§ WORK ORDER
Print, exactly and with no pictures, the line containing "Il faudra ensuite" and each line after it to the end of the entries below.

§ SUPPLIED MATERIAL
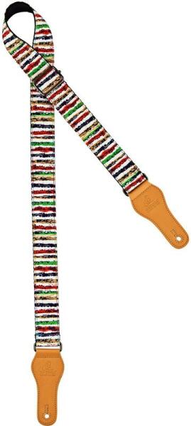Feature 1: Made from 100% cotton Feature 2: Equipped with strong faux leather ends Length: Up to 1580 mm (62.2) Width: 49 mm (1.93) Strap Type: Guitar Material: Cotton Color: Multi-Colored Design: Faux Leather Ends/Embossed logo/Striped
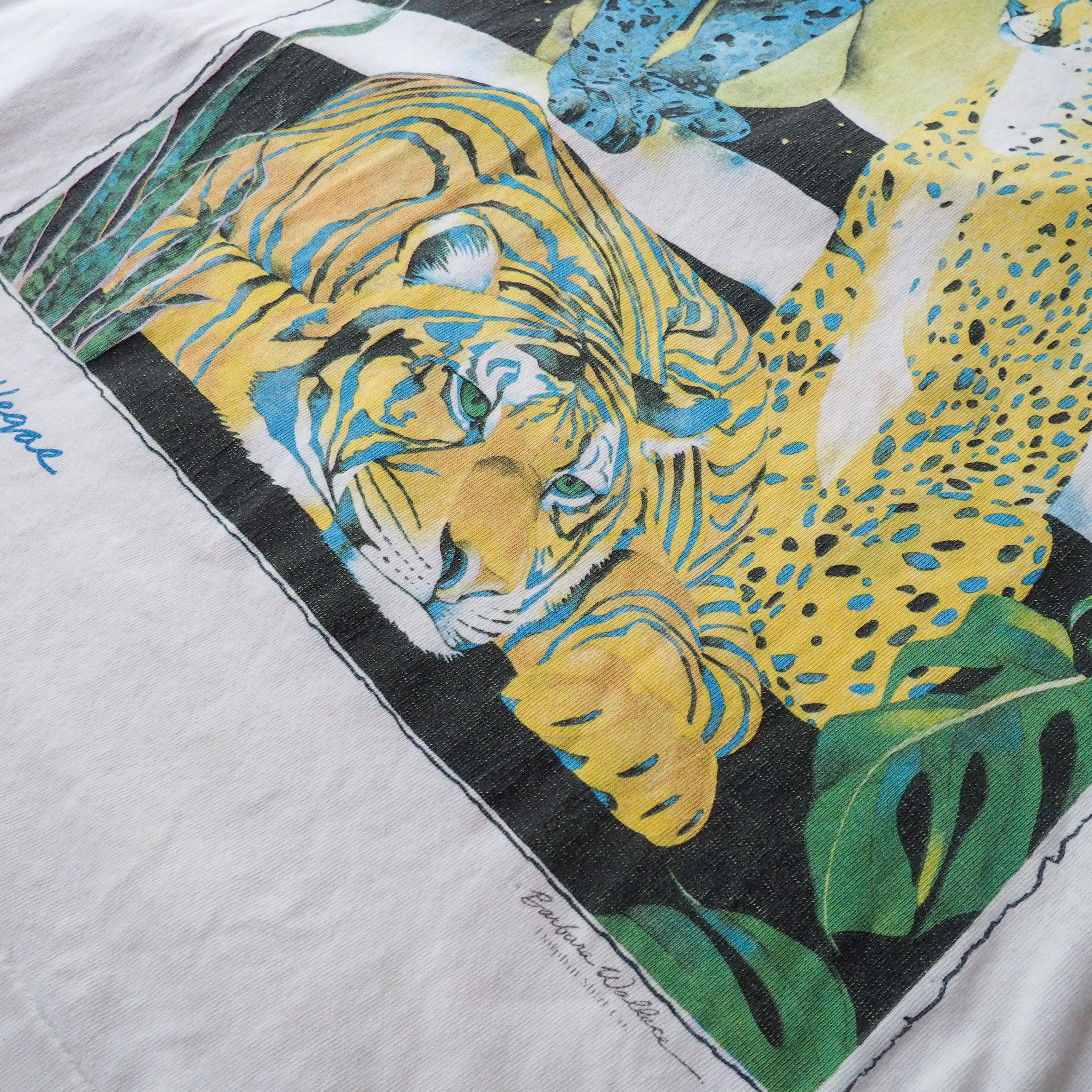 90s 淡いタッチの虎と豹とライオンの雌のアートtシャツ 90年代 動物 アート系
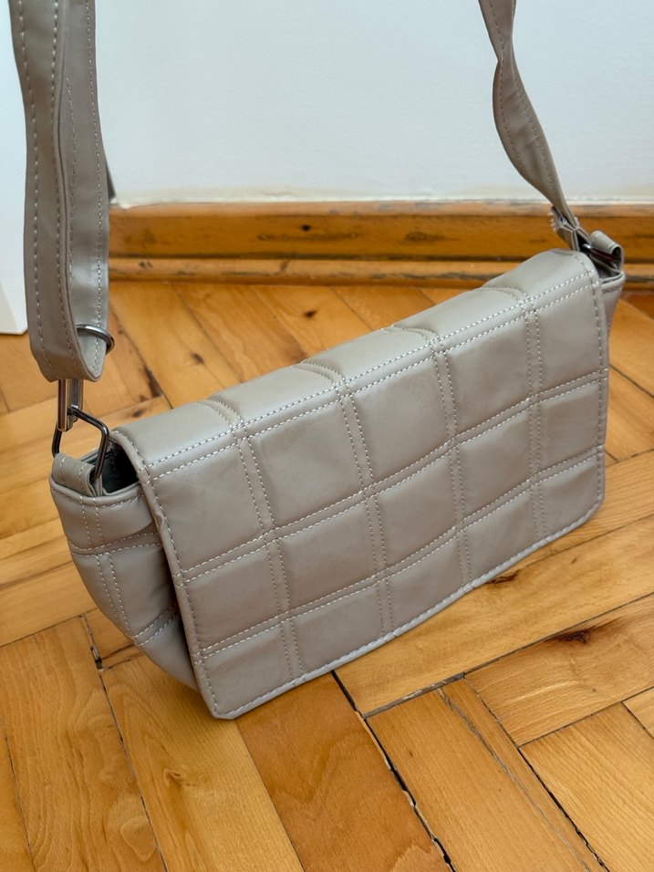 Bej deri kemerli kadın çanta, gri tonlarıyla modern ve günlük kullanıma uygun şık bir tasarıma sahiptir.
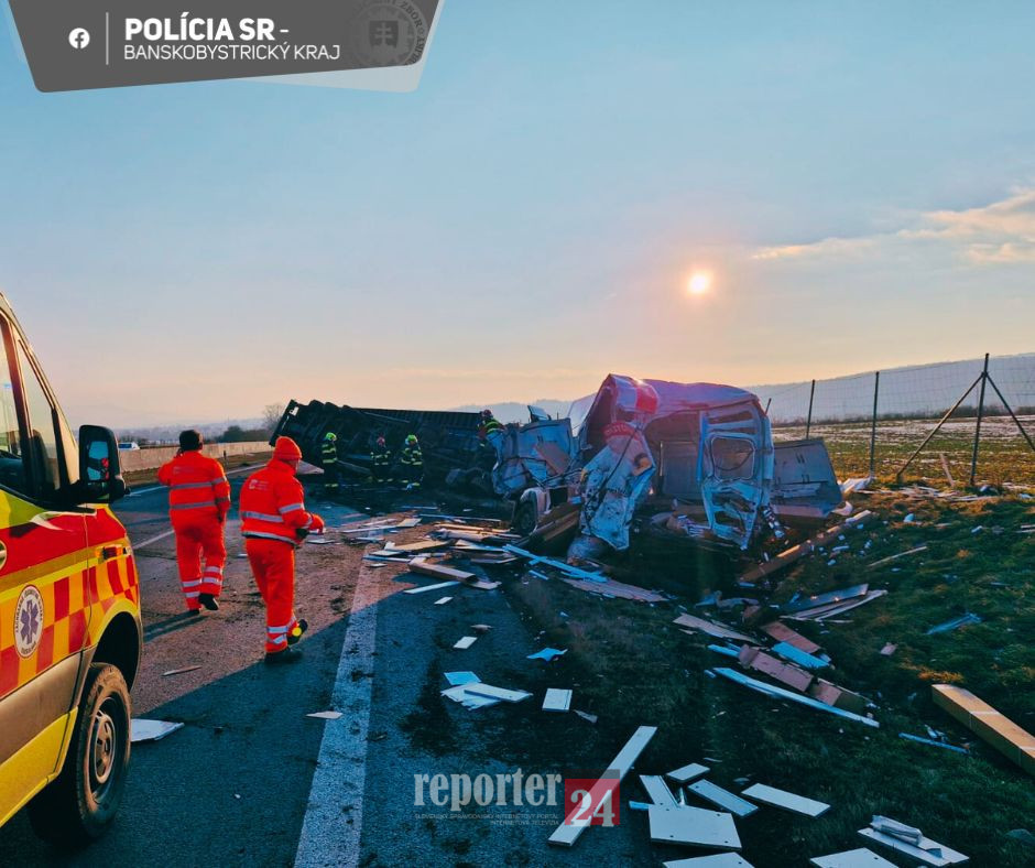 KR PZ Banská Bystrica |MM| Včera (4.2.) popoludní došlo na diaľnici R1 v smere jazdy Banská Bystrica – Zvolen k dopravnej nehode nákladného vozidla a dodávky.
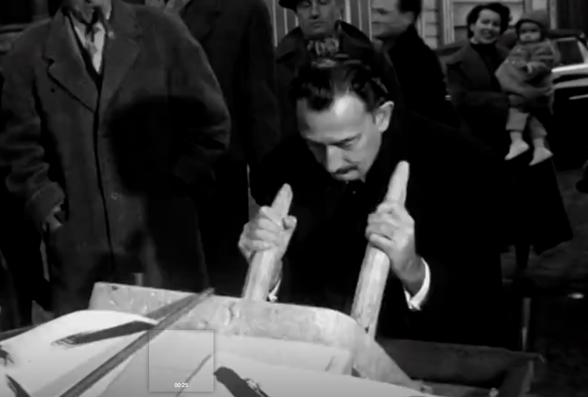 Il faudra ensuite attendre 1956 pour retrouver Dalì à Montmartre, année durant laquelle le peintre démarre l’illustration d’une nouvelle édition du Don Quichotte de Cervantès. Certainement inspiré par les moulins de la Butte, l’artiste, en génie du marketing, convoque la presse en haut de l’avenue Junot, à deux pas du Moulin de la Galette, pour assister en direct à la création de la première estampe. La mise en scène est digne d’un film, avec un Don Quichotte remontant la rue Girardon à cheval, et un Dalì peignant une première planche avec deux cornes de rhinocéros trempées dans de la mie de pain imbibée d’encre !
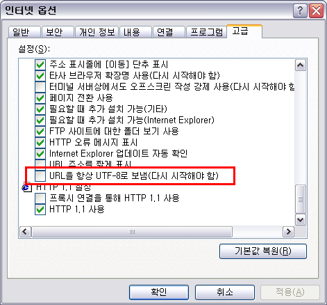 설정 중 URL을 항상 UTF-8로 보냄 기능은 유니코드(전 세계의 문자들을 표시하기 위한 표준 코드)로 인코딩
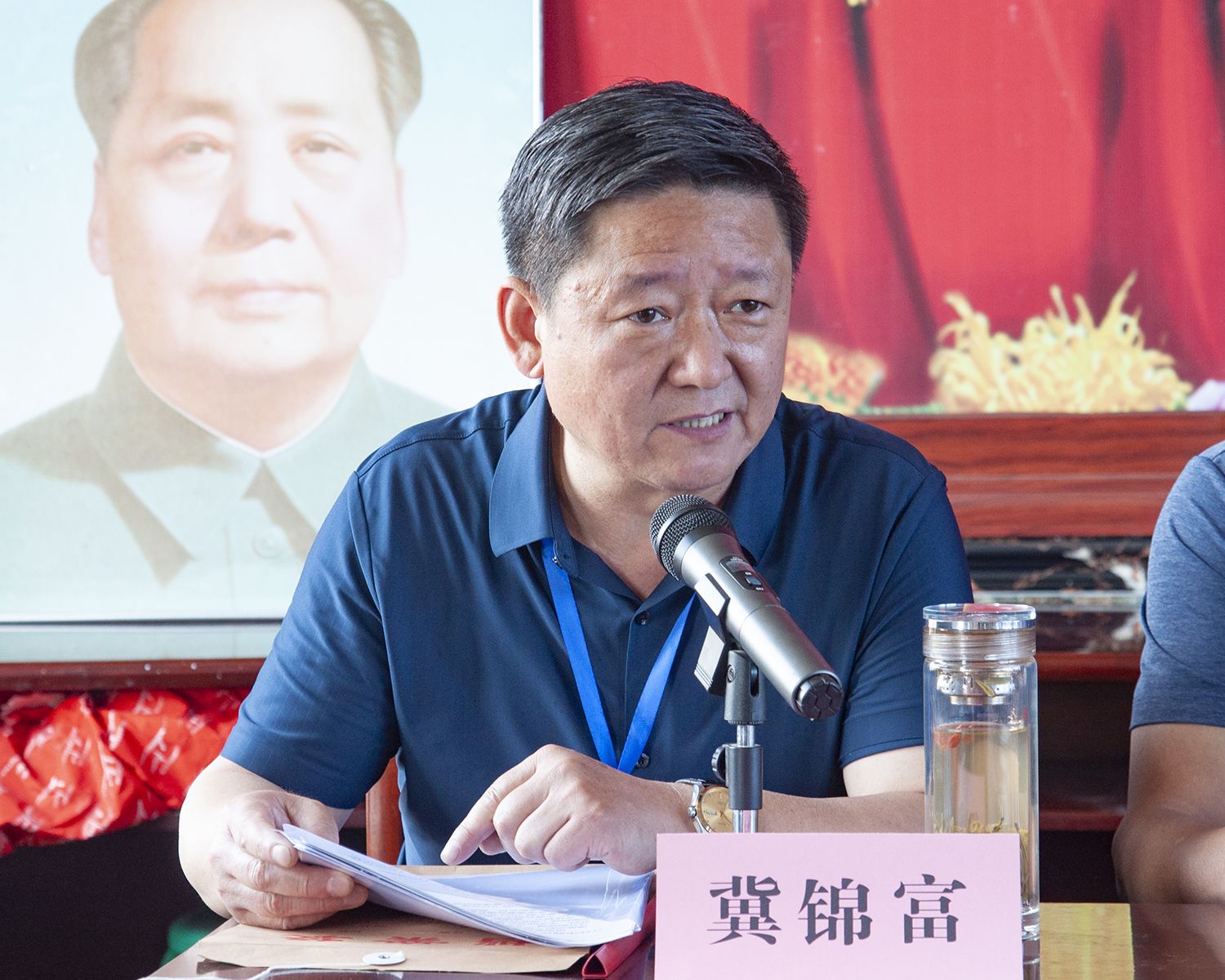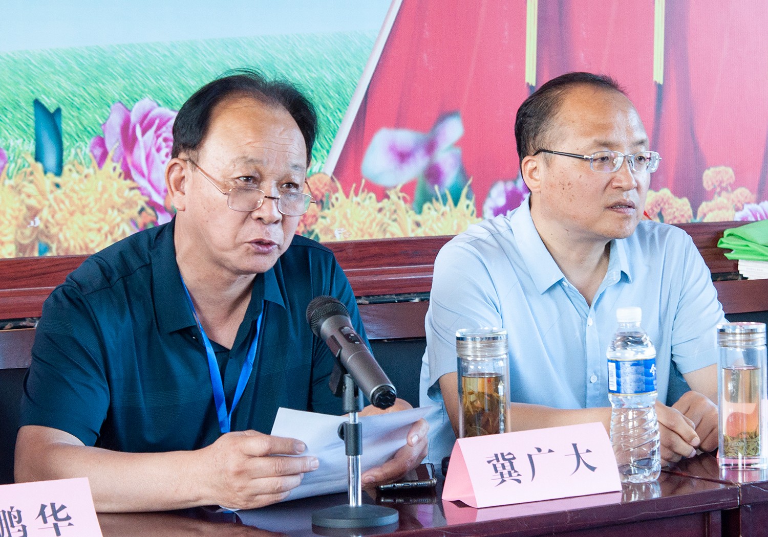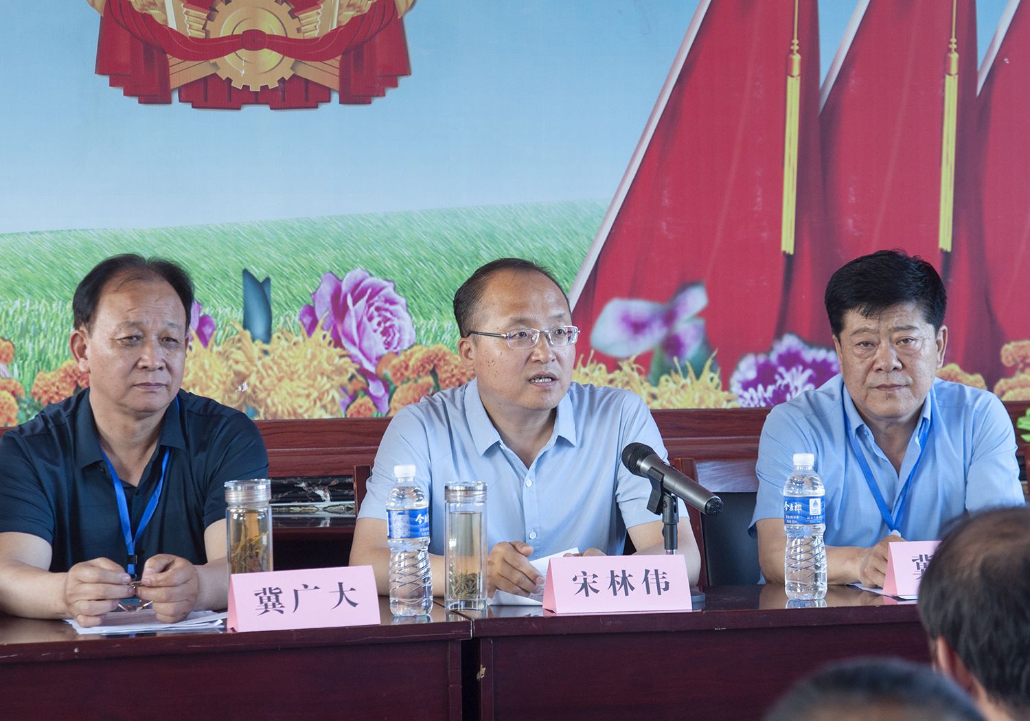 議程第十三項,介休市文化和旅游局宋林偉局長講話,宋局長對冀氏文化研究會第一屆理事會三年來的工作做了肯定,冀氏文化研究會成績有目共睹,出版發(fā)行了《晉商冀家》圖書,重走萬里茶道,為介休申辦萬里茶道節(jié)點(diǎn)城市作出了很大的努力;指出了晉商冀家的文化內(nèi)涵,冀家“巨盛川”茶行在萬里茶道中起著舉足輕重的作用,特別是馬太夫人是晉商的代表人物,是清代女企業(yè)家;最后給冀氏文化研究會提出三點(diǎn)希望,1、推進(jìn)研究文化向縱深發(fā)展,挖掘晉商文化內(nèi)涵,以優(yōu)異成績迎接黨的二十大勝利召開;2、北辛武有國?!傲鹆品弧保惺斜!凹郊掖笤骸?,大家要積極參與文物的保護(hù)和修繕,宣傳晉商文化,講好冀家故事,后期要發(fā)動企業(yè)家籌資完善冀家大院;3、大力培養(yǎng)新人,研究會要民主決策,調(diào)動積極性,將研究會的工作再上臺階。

§ SOLUTION BELOW
 Il faudra ensuite attendre 1956 pour retrouver Dalì à Montmartre, année durant laquelle le peintre démarre l’illustration d’une nouvelle édition du Don Quichotte de Cervantès. Certainement inspiré par les moulins de la Butte, l’artiste, en génie du marketing, convoque la presse en haut de l’avenue Junot, à deux pas du Moulin de la Galette, pour assister en direct à la création de la première estampe. La mise en scène est digne d’un film, avec un Don Quichotte remontant la rue Girardon à cheval, et un Dalì peignant une première planche avec deux cornes de rhinocéros trempées dans de la mie de pain imbibée d’encre !
 설정 중 URL을 항상 UTF-8로 보냄 기능은 유니코드(전 세계의 문자들을 표시하기 위한 표준 코드)로 인코딩
 議程第十三項,介休市文化和旅游局宋林偉局長講話,宋局長對冀氏文化研究會第一屆理事會三年來的工作做了肯定,冀氏文化研究會成績有目共睹,出版發(fā)行了《晉商冀家》圖書,重走萬里茶道,為介休申辦萬里茶道節(jié)點(diǎn)城市作出了很大的努力;指出了晉商冀家的文化內(nèi)涵,冀家“巨盛川”茶行在萬里茶道中起著舉足輕重的作用,特別是馬太夫人是晉商的代表人物,是清代女企業(yè)家;最后給冀氏文化研究會提出三點(diǎn)希望,1、推進(jìn)研究文化向縱深發(fā)展,挖掘晉商文化內(nèi)涵,以優(yōu)異成績迎接黨的二十大勝利召開;2、北辛武有國?!傲鹆品弧保惺斜!凹郊掖笤骸?,大家要積極參與文物的保護(hù)和修繕,宣傳晉商文化,講好冀家故事,后期要發(fā)動企業(yè)家籌資完善冀家大院;3、大力培養(yǎng)新人,研究會要民主決策,調(diào)動積極性,將研究會的工作再上臺階。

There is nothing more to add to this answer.